Species Richness 1 – observed species richness

 

  1. Collect data for a higher-level taxon from GBIF, for a region of interest.  There are many ways to do this from GBIF. One is to search on a country, and then choose a secondary data filter like “Class = mammalia” (or whatever you want).  Also make sure to only download those records with geospatial coordinates – there is a filter in GBIF to only get those with coordinates (Coordinate Status is “includes coordinates”).  I will email you all such a dataset for mammals of Australia from GBIF.   You should try collecting your own records for a region of interest.   If you want a smaller region of interest than a country, you could collect records for the country, import the records into DIVA-GIS and cut the layer to the desired extent. 
    1. Some important points:  you want to only have valid binomial names in your dataset.  So you need to remove all records that lack a binomial or are of the form “genusname sp.” or “genusname indet.” These are records that are likely “incomplete” but will still show up in your spreadsheet.  Check the dataset you accumulate to make sure these are weeded out.  You should also validate the records to make sure there aren’t other obvious mistakes (you can do this in DIVA).
  2. Load the spreadsheet into DIVA-GIS using Data -> Import Points to Shapefile
  3. Go to Analysis -> Point to Grid and chose Richness.   Click on the parameters tab and select “Scientific Name” or whatever you have called your binomial column.  Now go back to the Main tab and make sure that “Define Grid” says “Create a New Grid”.  Click on options, and keep cell size set to 1 for this first try.  Keep everything else as defaults, but click “output” to set an output grid file name.  Hit apply.  You should see an observed species richness grid for the input data.  Try this again with a smaller cell size under the options tab for the “define grid” text box.

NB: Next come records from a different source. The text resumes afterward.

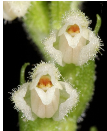
Nahaufnahme der Blüten mit deutlich erkennbarer Behaarung

Die Sepalen und Petalen stehen glockig zusammenneigend, auch sie sind außen drüsig behaart. Die Lippe ist spornlos, jedoch im hinteren Teil bauchig ausgebildet und nektarführend. Nach vorne läuft sie rinnig, spitz und abwärts gebogen aus. Die Bestäubung erfolgt durch Bienen.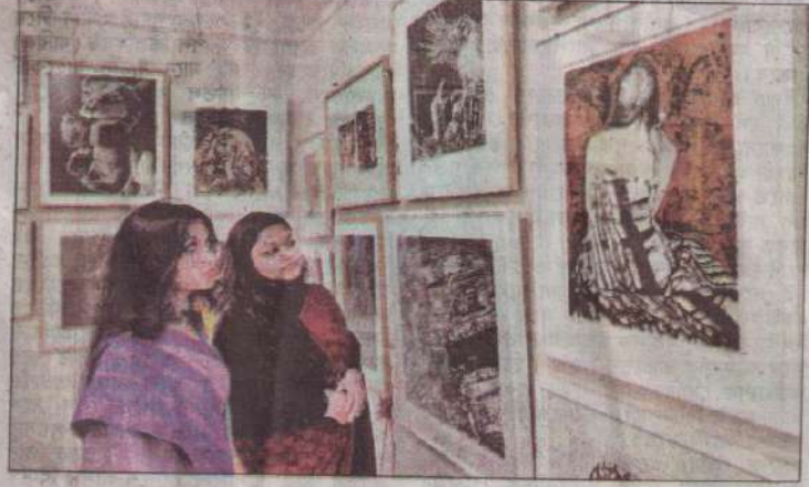
ঢাকা বিশ্ববিদ্যালয়ের চারুকলা অনুষদের জয়নুল গ্যালারিতে ছাপচিত্র বিভাগের বার্ষিক শিল্পকর্ম প্রদর্শনীর ছবি দেখছেন দর্শনাধীরা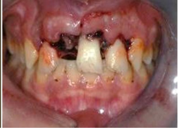
Resim 2. Tedavi öncesi ağız içi görünüm

Radyografik muayenede travma bölgesinde herhangi bir patolojik bulguya rastlanmadı. Hastaya tedavi prosedürü anlatılarak "bilgilendirilmiş olur belgesi" alındı. Hasta ortodonti bölümü ile konsülte edilerek kaybedilen sağ üst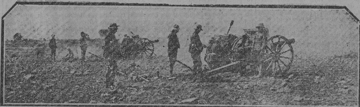
TETUAN.—La artillería protegiendo el avance de las tropas á Kudia Tahar.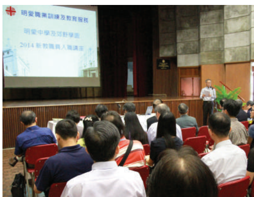
● 中學生成長需要的講座

2014/2015學年明愛中學新教職員入職日 新教職員入職日於2014年9月6日於明愛大廈舉行，活動前為出席者舉行彌撒。入職日主要讓明愛屬下之中學及郊野學園新聘任的教職員了解香港明愛的歷史、願景、使命和價值觀。活動亦包括一個有關中學生成長需要的講座。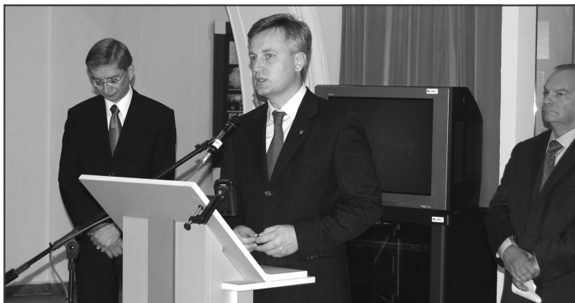
Виступ Голови Служби безпеки України Валентина Наливайченка.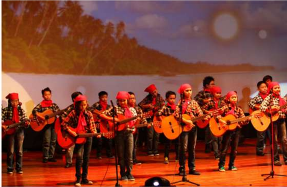
Pentas Akhir Tahun

Family Fun Day, Al-Fath Festival (Alfest), Independence Day Celebration, Book Week, Science Fair, Muharram Celebration, Isra Mi'Raj Olympiad, Math Olympiad, Manasik Haji, Pesantren Ramadhan, World Art Festival, Pentas Akhir Tahun, Pasar Sore Indonesia, dan lain-lain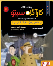
پرونده‌ی ویژه: فراتر از ترس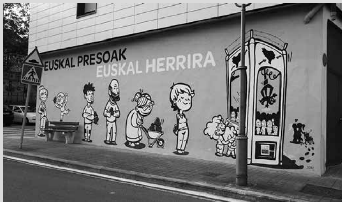
Orain, eraikinaren behealdea txuriz agertzen den arren, laster, beste mural batek hartuko du lekukoa.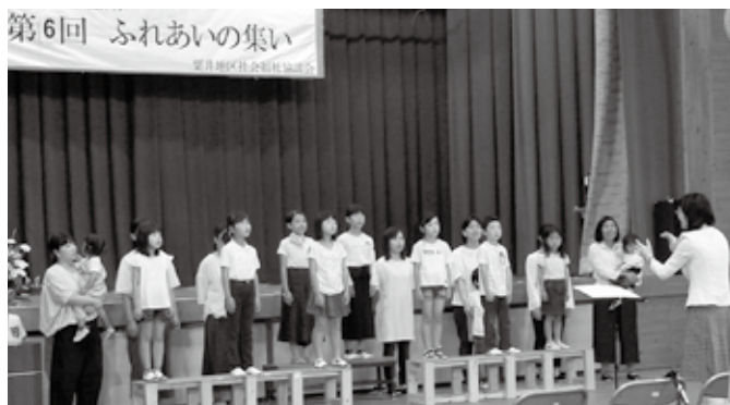
粟井村ふれあいの集い

第6回 粟井村ふれあいの集い 6月9日(日)、旧粟井小学校で「第6回 粟井村ふれあいの集い」が開催されました。 地域の方々の出し物や、展示が披露されました。また、管楽アンサンブルコンブリオ、すみれ親子合唱団等、素敵な演奏や歌声で、会場が大いに盛り上がりました。 (寄稿: 作東支所 白岩 瑠美)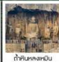
ถ้ำหินหลงเหมิน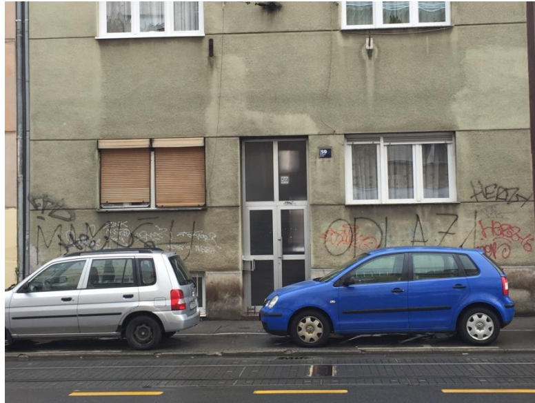
Slika 6 'MAMIĆU ODLAZI!', Izvor: autorica, 2017

Kada se krene dalje Ozaljskom ulicom nakon križanja sa Selskom dolazi do iznenadnog zatišja neonacističkih i ustaških obilježja koja se u velikom broju pojavljuju do te točke. Zidovi nastavljaju biti ispisani tagovima i grafitima raznih grafitera. Od Selske ulice pa sve do Trešnjevačkog trga pojavljuju se tagovi nogometnog kluba Dinamo te natpisi 'MAMIĆU ODLAZI!' i 'MAMIĆU SRBINE'.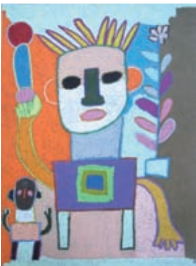
●「花を買った自由の女神」XL(スウィング/京都府)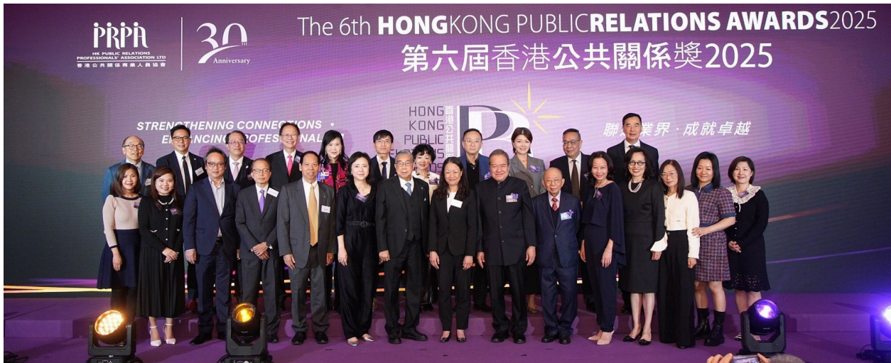
△「第五屆香港公共關係獎2025」圓滿舉行

2025年12月30日，香港公共關係專業人員協會（PRPA）迎來成立30周年的重要時刻，與此同時，備受業界矚目的第六屆香港公共關係獎2025頒獎典禮暨晚宴隆重舉行。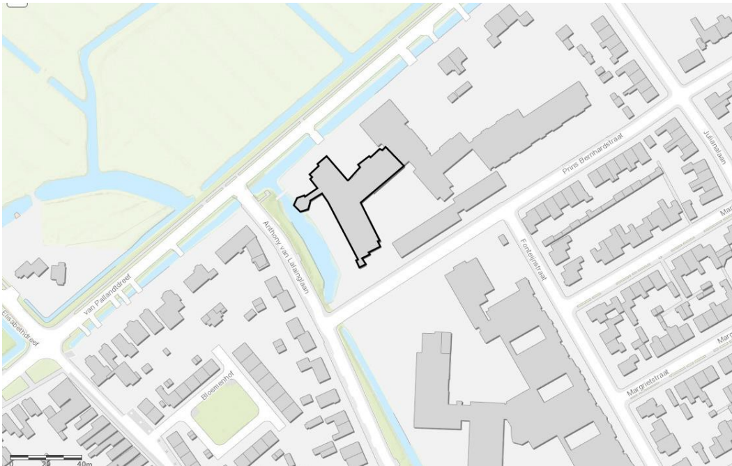
Figuur 1. Ligging plangebied aan de Van Pallandtdreef 10 te Culemborg, met zwart omlijnd de in twee fasen te slopen bebouwing.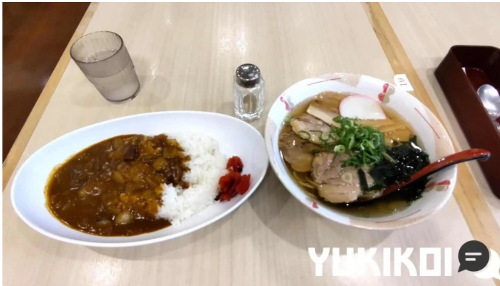
奈良県立医科大学附属病院 レストランroyal 料理飲み物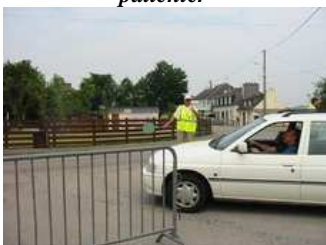
j'autorise le passage des véhicules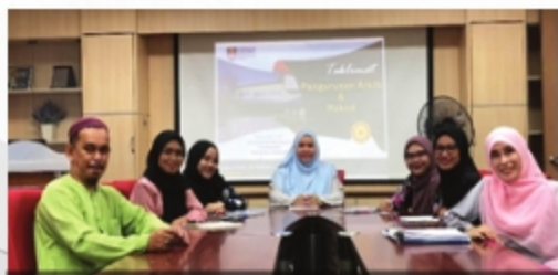
KAJIAN PENGURUSAN DAN PELUPUSAN REKOD PERPUSTAKAAN AL-BUKHARI CAWANGAN PAHANG - 16 NOVEMBER 2018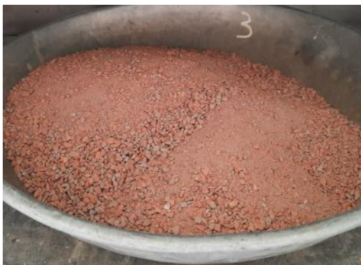
Hình 3. Sản phẩm nghiền từ tường gạch.

Mẫu hình trụ có kích thước D=150\text{ mm} ; H=300\text{ mm} : 3 tổ gồm tổ 1 (cát sông Tiền 3 mẫu), tổ 2 (sản phẩm nghiền từ bê tông sàn 3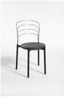
Sedia da soggiorno "Delfina"

La Giuria della XIV edizione ha deliberato di conferire il Premio Compasso d'oro 1987 alla sedia da soggiorno "Delfina" per l'impegno sapiente di tecnologie diverse in una sintesi poetica, anche strutturalmente ed ergonomicamente corretta.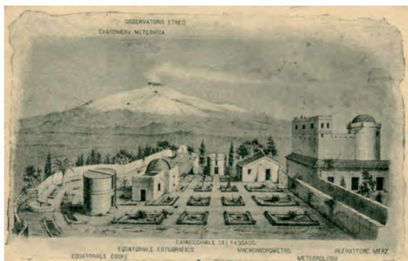
Fig. 8. L'Osservatorio Astrofisico di Catania

Nel 1890 l' Osservatorio di Catania (Fig. 8) acquisì la denominazione di Osservatorio Astrofisico , il primo in Italia ad essere denominato “astrofisico” anziché “astronomico”, quasi a voler indicare fin dal nome la natura delle ricerche che si sarebbero svolte, distinguendosi in tal modo dagli osservatori astronomici tradizionali.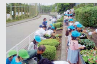
花植えを楽しむ子どもたち

高速道路の沿道地域との共生を図るため、NEXCO西日本ではさまざまな交流イベントを行っています。中国自動車道では、宝塚市立安倉北小学校の児童と一緒に、小学校前ののり面花壇で「花植え会」を毎年2回(6月頃:2年生、12月頃:3年生)実施しています。「花植え会」は2011年で22年目を迎え、約20年前に児童として参加した方も子どもたちが参加するなど、2世代にわたった行事として地域で親しまれています。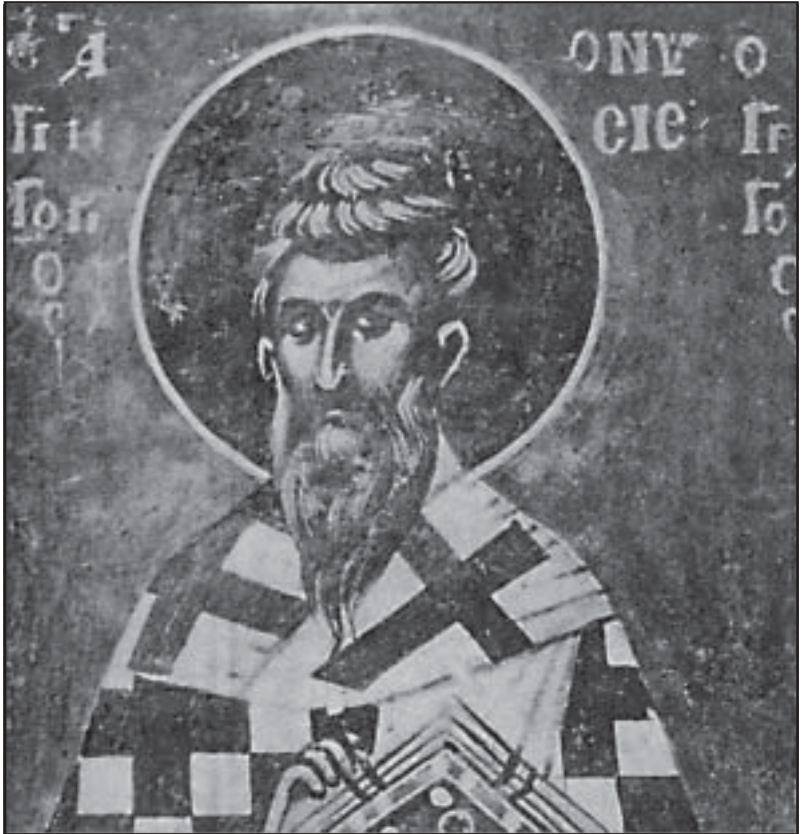
നിസ്സായിലെ വി. ഗ്രീഗോറിയോസ്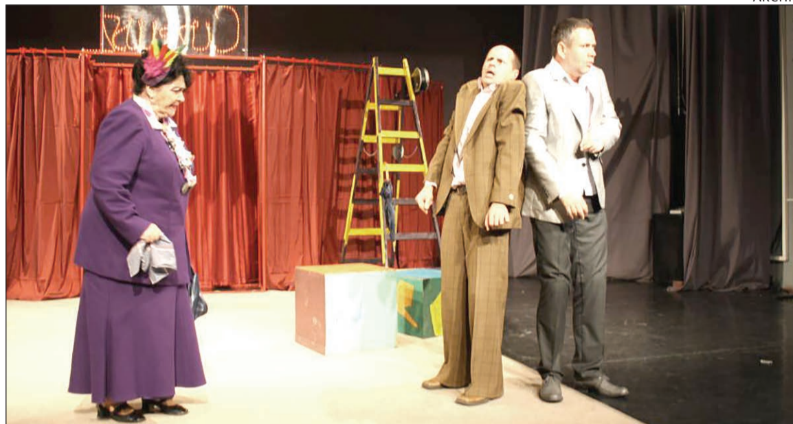
Jelenet a marosvásárhelyi Hahota színtársulat 2013-as Kész Cirkusz! című zenés szilveszteri kabaréjából

A kabaré 1901-ben jelent meg Budapesten, majd 1907-re ki is alakult a jellegzetes „pesti kabaré”. Kosztolányi Dezső a Nyugatban 1915-ben publikált cikkében pontosan érzékelt a magyar kabaré különleges mivoltát. „Azóta a pesti kabaré polgárvá vált, leiggadt, stílust kapott. Szerencsé-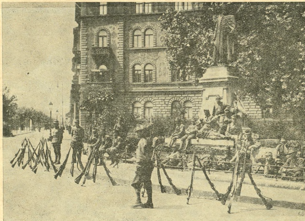
10-es honvédek a Köröndön. 1918 július

Az „épületek” fejezetben belül külön csoportokba kerültek a középületek és a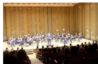
東京プレクトラム オーケストラ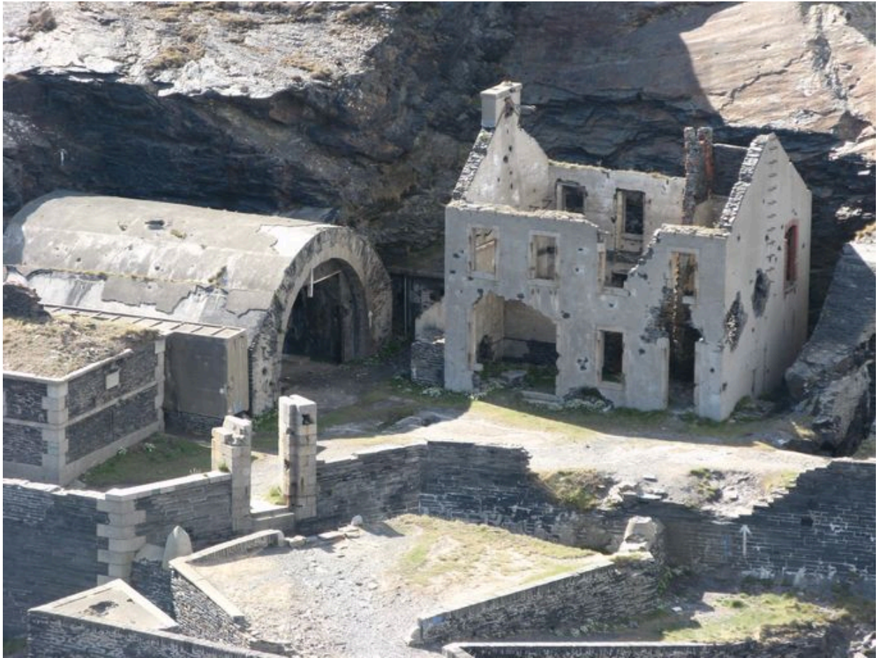
Usine électrique voutée et maison du gardien de l'îlot des Capucins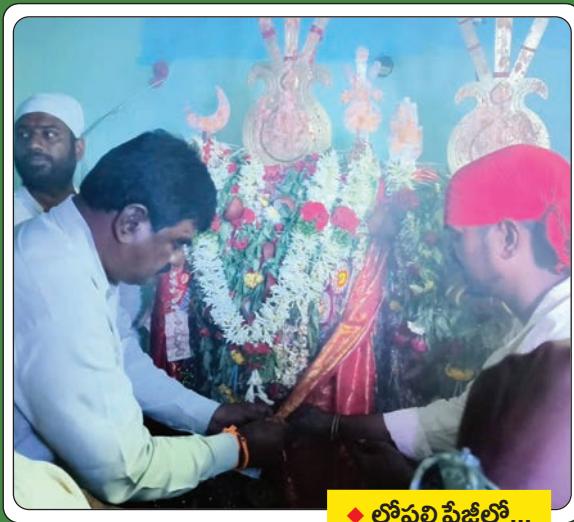
◆ లోపలి పేజీల్లో...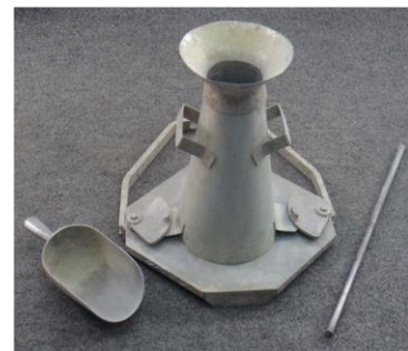
Figura 6 Equipo del Cono de Abrams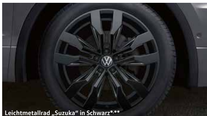
Leichtmetallrad „Suzuka“ in Schwarz***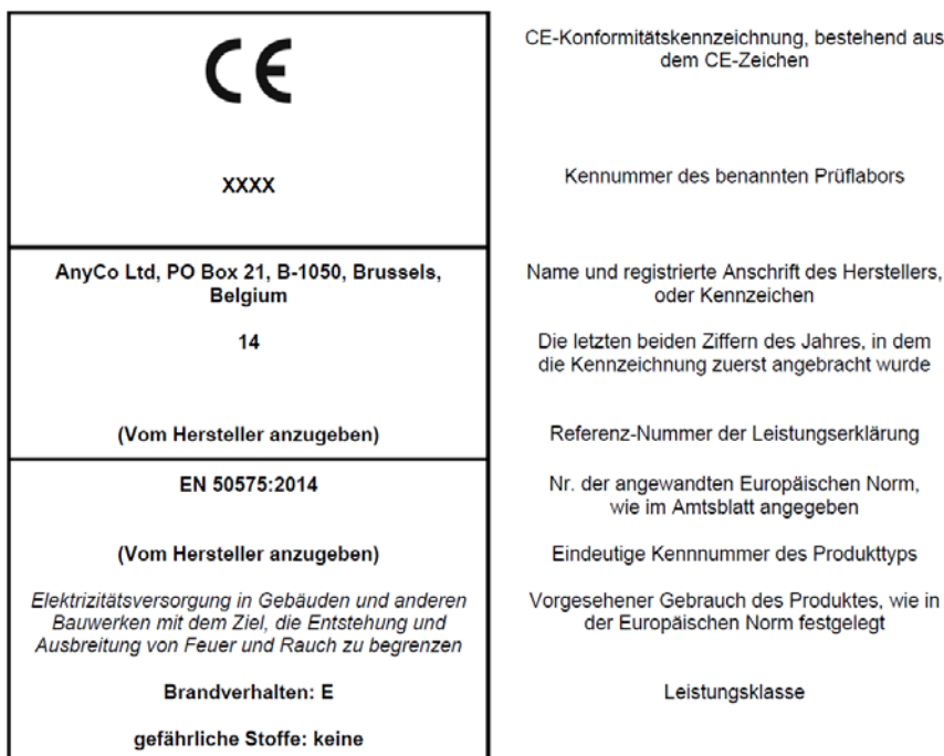
Bild 2 – Beispiel für die Angabe der CE-Kennzeichnung auf dem Produktetikett bei Produkten unter dem AVCP-System 3

Bei Produkten unter System 3 sind folgende Kennzeichnungen vorgesehen:

  4. Now select “Analysis” -> Summarize Points.  Under the “select field” tab,  again select “Scientific Name” or whatever you have called your binomial column as the field.  Then hit apply.  You should get a summary output for Observations, richess, and some commonly used species richness estimators (Chao1 and Chao 2, Jacknife 1 and 2, ACE (abundance coverage estimator)). 
  5. Go to data -> Climate -> Map and proceed to extract a map of mean annual temperature using the richness grid layer’s extent.  You can do this by selecting “read from layer” and making sure the active layer in the side window is the richness layer.  Now you have a richness layer and annual mean temperature layer at the same extent.  You can regress richness on annual mean temperature using Analysis -> Regression, but before you do, you need to get the grid sizes to match.  The grid size for the climate data I am using was .083, while the richness layer is 1.  In order to figure out how I need to aggregate my climate grids, I divide 1 by .083, and get 12.  So I need to go to Grid->Aggregate, using kind of mean and factor of 12 (from above).  The new climate grid should now have the same grid size and extent as the richness layer and I can run a regression.  Note, this regression is “for fun”, just to see if there is a relationship between climate and richness.  We need better tools to run such analyses, and we will use one such tool – Spatial Analysis in Macroecology -  in the following weeks.